The main extraterrestrial influences on the world's tides are the moon and the sun. The relative importance of each at any time is dictated, inter alia, by its position relative to, and by its distance from, the Earth, and by the varying orbital characteristics of the three bodies. Each of these variables - and many more - has its own individual effect upon our tides, and the water at any place can be thought of as responding to the instantaneous sum of all these individual components.
When these known astronomical parameters are fed into a computer it is relatively easy to calculate what is known as the Equilibrium Tide, a theoretical model of the tides appropriate to a landless world, uniformly covered in deep water.
But the observed tides differ greatly from this Equilibrium Tide. Each ocean is, in a sense, an isolated bowl of water; and because of its dimensions, depth, and general shape, and the interfering walls of land around its edges, responds more readily to certain constituents of the tide-generating forces than it does to others. And in a similar way, every inlet of the sea has its individual character, depending on its shape.

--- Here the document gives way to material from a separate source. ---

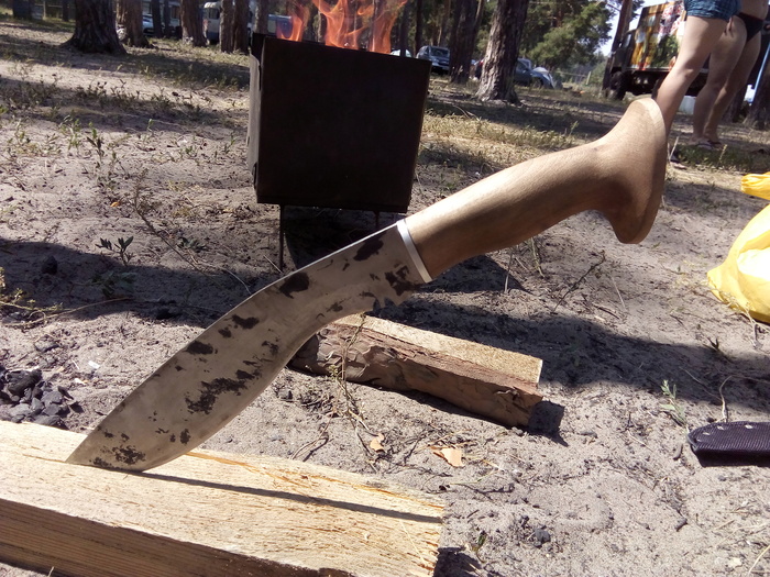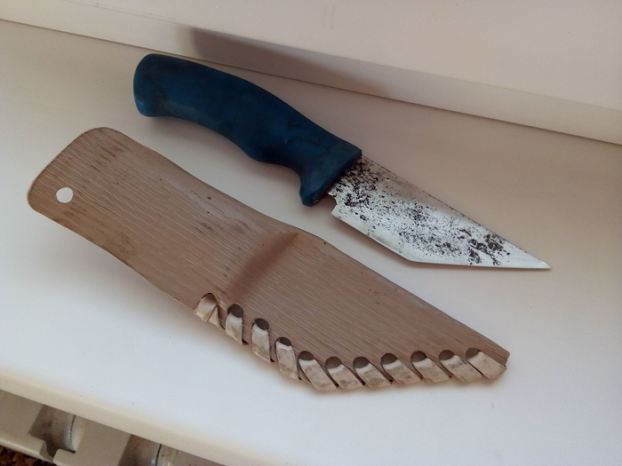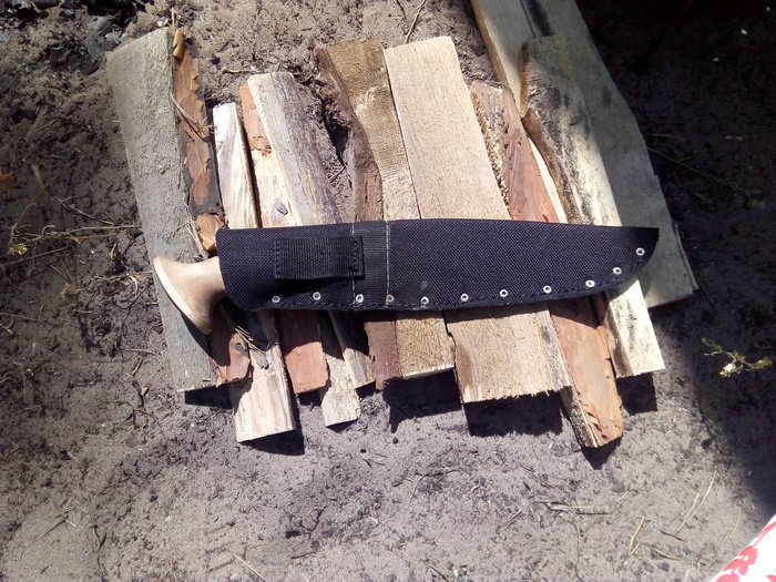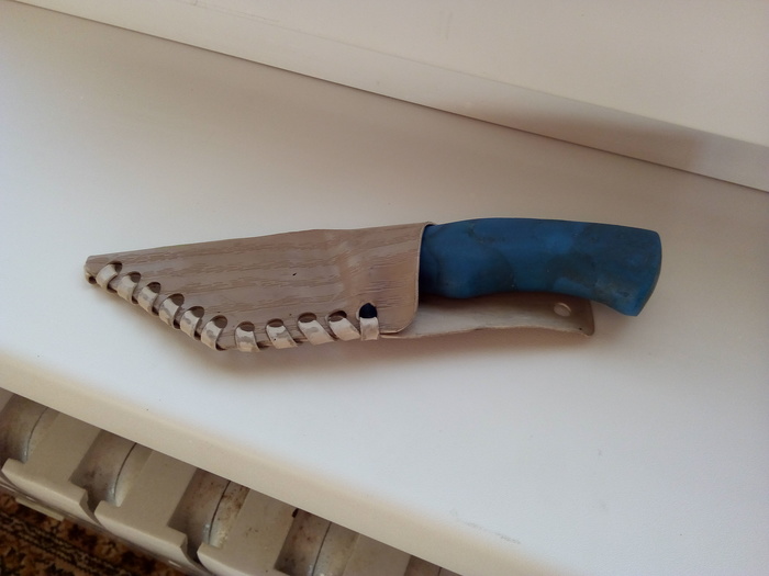 Лезвие - нержавейка. Давным давно дед с завода принес полоску нержавейки, но ничего с ней так и не сделал. Мне пригодилась. Немножко потвёрже обычных китайских ножей из магазина.

The local pattern can be shown by what is called the "tidal curve", a graph on which the height of the water, ignoring waves, is plotted over a period of time. There are three main types: most tidal curves, including those for Irish coasts, show two equal high tides and two equal low tides per tidal day, semi-diurnal tides; a few ocean areas, such as parts of the Gulf of Mexico, have diurnal tides, with only one high tide and one low tide each day; and some parts of the world have two high tides and two low tides each day, but they are of quite different heights. These last are known as mixed tides.

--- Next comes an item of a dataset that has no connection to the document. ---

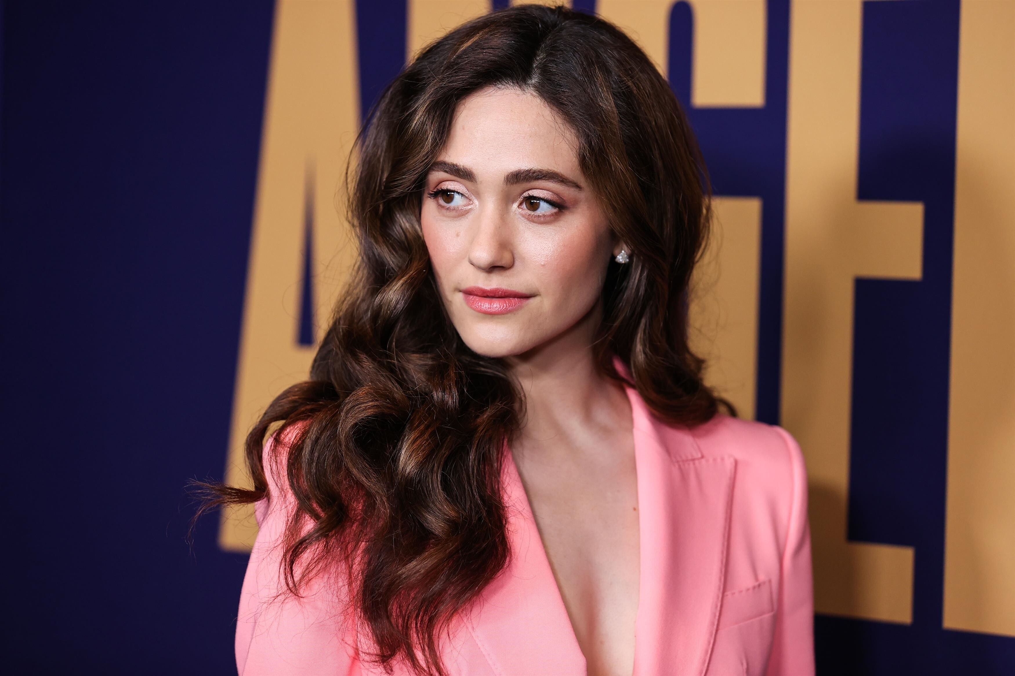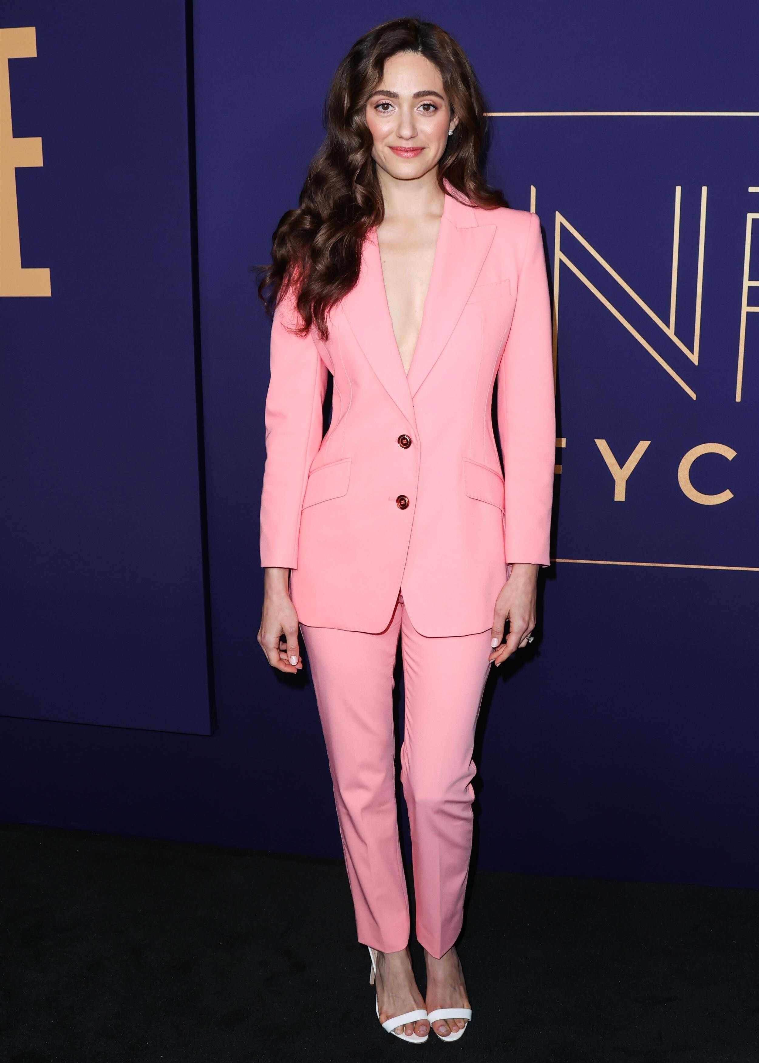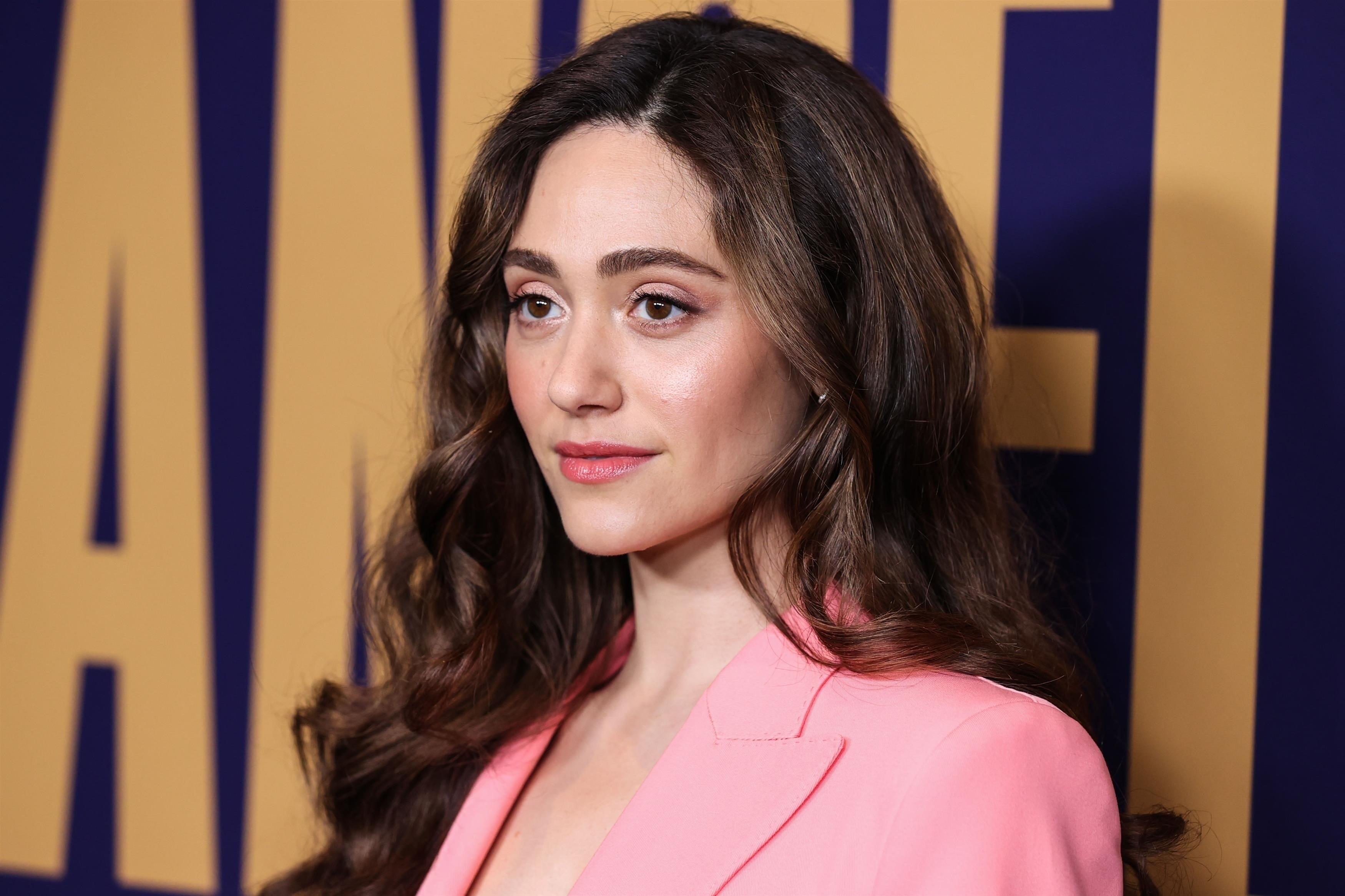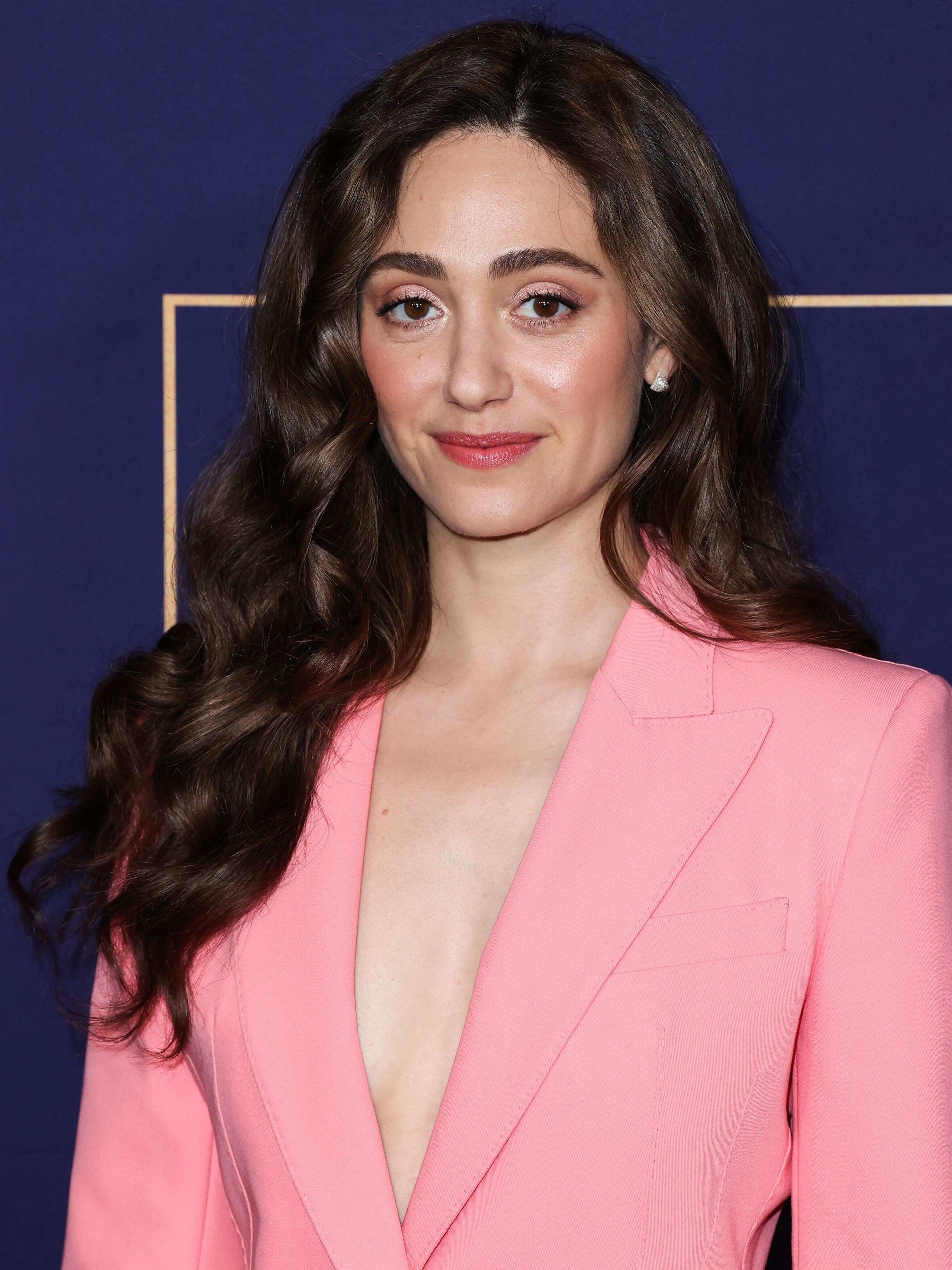 Emmy Rossum in a plunging white mini dress 06/08/2022

In practice, to prepare predictive tide tables for a particular port, it is necessary first to install a tide gauge there, and to record the observed pattern of the rise and fall of water over an extended period. Careful examination of such a record allows it to be recognised as the rather complex combination of a large number of independent simple rhythmic undulations, each one corresponding to the known characteristics of one of the individual astronomical components.
When the relative strength of each astronomical component at a particular spot is empirically identified in this way, it can then be given the correct emphasis when constructing the mathematical equation from which a computer can calculate the tide at that place for any future time.